California Frontier Artificial Intelligence Policy Report
Research on an Interdisciplinary Policy Framework for the Governance of Generative Artificial Intelligence and Foundational Models, Based on Historical Case Comparisons and Multi-source Evidence Analysis, Provides Forward-Looking Pathway Guidance for California to Balance Innovation Incentives with Risk Prevention and Control.
Detail
Published
22/12/2025
Key Chapter Title List
- Introduction
- Building AI Policy on Evidence and Experience: Understanding the Broader Context
- Transparency
- Adverse Event Reporting
- Scoping
- Summary of Feedback and Revisions
Document Introduction
In September 2024, California Governor Gavin Newsom commissioned Dr. Fei-Fei Li, Co-Director of the Stanford Institute for Human-Centered AI; Dr. Mariano-Florentino Cuéllar, President of the Carnegie Endowment for International Peace; and Dr. Jennifer Tour Chayes, Dean of the College of Computing, Data Science, and Society at UC Berkeley, to lead the formation of a Joint California Policy Task Force. The aim was to develop effective approaches for California to support the deployment, use, and governance of generative AI, and to establish appropriate guardrails to minimize substantial risks. This report is the final product released by the task force on June 17, 2025. It represents the independent academic work of the co-chairs and participating scholars, not the official positions of their affiliated institutions.
The report focuses on frontier AI, an emerging technological paradigm driven by foundation models, aiming to provide California policymakers with an evidence-based policy-making framework. The report does not advocate for or against any specific legislative or regulatory proposals. Instead, it examines the best available research on foundation models and distills a set of policy principles to guide California on how to approach, evaluate, and govern frontier AI, with a core ethos of "trust but verify." The report recognizes that as a global hub for AI innovation, California has a unique opportunity and responsibility to address significant risks that could have profound impacts on the state and the world, while continuing to support the development of frontier AI.

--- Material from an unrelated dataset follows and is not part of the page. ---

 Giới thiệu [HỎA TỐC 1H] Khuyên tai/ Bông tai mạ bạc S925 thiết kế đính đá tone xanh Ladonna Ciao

The report employs a multidisciplinary, integrated approach, drawing extensively on diverse evidence such as empirical research, historical analysis, and modeling simulations. Its main content revolves around four core governance issues: First, Transparency. The report points out systemic opacity in key areas of the current AI industry and proposes specific pathways to enhance transparency through disclosure requirements, third-party assessments, and whistleblower protections. Second, Adverse Event Reporting. The report advocates for a government-led reporting system to continuously monitor the real-world impacts of AI, identify unforeseen risks, and provide data support for regulatory decisions by collecting information on harms occurring post-deployment. Third, Scoping. The report delves into how to reasonably determine the scope of entities covered by policy through setting thresholds, analyzing the pros and cons of thresholds based on different dimensions such as developer attributes, cost, model performance, and downstream impact. Finally, the report specifically summarizes the public feedback received since the draft release in March 2025 and the revisions made accordingly.
To solidify the foundation of its policy recommendations, Chapter 2 of the report conducts a dedicated comparative analysis of historical cases, drawing lessons from the early design and governance of the internet, the regulation of consumer products (such as tobacco), and policy responses in the energy sector (addressing climate change). These cases reveal the path-dependent effects of early design choices, the crucial role of transparency in generating comprehensive evidence, and the importance of trusting expertise while verifying it through third-party assessment. Furthermore, the report briefly lists successful cases in areas such as pesticide regulation, building codes, and automobile seat belts, demonstrating that well-designed governance frameworks can indeed balance promoting innovation with safeguarding public safety.
Overall, this report provides a roadmap reference for California's policy innovation in the rapidly evolving and uncertain field of frontier AI. It is based on extensive evidence, considers multiple stakeholder interests, and emphasizes dynamic adaptability. The principles and mechanisms it proposes aim not only to address currently known risks but also to build a governance ecosystem capable of continuously generating evidence and iteratively learning.